Below are the records; output them exactly from the first line through the line with "Средство для мытья", stopping there.

Data records:
★ ★ ★
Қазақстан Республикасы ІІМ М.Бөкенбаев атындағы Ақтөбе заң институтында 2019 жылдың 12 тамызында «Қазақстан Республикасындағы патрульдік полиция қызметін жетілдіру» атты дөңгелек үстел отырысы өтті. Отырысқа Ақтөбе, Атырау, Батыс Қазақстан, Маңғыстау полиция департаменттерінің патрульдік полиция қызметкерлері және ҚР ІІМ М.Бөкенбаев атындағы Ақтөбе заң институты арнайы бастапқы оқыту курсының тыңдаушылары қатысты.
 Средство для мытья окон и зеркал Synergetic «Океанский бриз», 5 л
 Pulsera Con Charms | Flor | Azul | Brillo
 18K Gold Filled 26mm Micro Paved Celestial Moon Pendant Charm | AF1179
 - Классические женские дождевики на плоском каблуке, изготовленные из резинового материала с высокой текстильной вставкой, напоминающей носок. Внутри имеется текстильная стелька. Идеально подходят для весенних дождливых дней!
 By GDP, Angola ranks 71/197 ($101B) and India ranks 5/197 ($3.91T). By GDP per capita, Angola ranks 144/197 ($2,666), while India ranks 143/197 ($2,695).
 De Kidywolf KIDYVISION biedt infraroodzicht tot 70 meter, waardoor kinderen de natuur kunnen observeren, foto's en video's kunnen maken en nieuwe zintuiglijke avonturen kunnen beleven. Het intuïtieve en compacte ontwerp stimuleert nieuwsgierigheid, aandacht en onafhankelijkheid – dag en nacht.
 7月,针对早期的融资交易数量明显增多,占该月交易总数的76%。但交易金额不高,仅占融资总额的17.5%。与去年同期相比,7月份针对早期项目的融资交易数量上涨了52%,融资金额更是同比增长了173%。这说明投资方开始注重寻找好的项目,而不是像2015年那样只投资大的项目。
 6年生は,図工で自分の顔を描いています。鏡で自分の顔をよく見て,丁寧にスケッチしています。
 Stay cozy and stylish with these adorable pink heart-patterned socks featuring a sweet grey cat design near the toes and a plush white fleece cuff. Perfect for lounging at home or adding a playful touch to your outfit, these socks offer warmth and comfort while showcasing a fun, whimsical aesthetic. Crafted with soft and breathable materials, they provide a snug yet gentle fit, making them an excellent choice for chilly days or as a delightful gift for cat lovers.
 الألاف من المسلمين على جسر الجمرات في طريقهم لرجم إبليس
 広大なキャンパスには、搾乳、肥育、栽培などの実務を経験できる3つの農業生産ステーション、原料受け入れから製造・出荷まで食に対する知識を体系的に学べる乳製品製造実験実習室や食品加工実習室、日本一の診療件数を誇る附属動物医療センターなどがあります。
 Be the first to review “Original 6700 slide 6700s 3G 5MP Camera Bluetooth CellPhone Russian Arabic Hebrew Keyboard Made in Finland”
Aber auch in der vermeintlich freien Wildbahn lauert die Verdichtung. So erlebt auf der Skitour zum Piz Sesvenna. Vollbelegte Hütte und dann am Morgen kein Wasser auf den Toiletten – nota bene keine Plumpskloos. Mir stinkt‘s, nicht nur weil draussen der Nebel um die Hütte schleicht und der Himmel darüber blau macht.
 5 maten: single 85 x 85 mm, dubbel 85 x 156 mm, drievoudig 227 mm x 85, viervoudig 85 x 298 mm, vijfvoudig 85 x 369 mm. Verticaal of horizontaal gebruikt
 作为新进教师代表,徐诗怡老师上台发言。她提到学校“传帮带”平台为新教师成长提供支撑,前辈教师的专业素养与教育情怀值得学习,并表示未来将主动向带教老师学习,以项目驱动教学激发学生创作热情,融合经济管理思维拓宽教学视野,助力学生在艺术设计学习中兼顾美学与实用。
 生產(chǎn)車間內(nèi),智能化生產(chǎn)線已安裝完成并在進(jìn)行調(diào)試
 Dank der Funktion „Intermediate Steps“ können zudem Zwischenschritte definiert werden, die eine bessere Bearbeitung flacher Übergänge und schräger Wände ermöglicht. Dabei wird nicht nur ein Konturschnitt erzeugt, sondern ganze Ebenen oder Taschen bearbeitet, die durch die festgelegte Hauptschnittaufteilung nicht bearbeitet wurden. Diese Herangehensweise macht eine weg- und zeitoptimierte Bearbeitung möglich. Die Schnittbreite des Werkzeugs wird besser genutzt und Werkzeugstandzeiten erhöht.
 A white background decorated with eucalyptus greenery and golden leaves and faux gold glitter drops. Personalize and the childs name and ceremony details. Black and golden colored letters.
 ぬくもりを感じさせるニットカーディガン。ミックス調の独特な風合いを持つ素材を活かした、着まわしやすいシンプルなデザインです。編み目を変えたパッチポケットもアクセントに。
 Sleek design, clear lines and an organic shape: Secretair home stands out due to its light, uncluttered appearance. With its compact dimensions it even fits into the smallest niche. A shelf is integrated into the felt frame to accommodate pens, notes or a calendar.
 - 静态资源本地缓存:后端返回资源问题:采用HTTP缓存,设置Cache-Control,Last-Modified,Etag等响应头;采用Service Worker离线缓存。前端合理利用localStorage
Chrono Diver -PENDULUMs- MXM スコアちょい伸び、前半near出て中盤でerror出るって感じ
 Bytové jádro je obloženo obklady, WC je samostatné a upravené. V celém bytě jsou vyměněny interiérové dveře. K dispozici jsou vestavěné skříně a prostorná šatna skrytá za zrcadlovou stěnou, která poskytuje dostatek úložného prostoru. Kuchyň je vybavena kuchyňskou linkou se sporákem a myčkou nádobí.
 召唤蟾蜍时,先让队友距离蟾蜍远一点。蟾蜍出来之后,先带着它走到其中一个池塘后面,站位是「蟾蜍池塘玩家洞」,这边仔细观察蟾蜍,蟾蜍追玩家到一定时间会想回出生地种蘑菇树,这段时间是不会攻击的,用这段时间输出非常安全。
★ ★ ★
* [Result of the task]:
Қазақстан Республикасы ІІМ М.Бөкенбаев атындағы Ақтөбе заң институтында 2019 жылдың 12 тамызында «Қазақстан Республикасындағы патрульдік полиция қызметін жетілдіру» атты дөңгелек үстел отырысы өтті. Отырысқа Ақтөбе, Атырау, Батыс Қазақстан, Маңғыстау полиция департаменттерінің патрульдік полиция қызметкерлері және ҚР ІІМ М.Бөкенбаев атындағы Ақтөбе заң институты арнайы бастапқы оқыту курсының тыңдаушылары қатысты.
 Средство для мытья окон и зеркал Synergetic «Океанский бриз», 5 л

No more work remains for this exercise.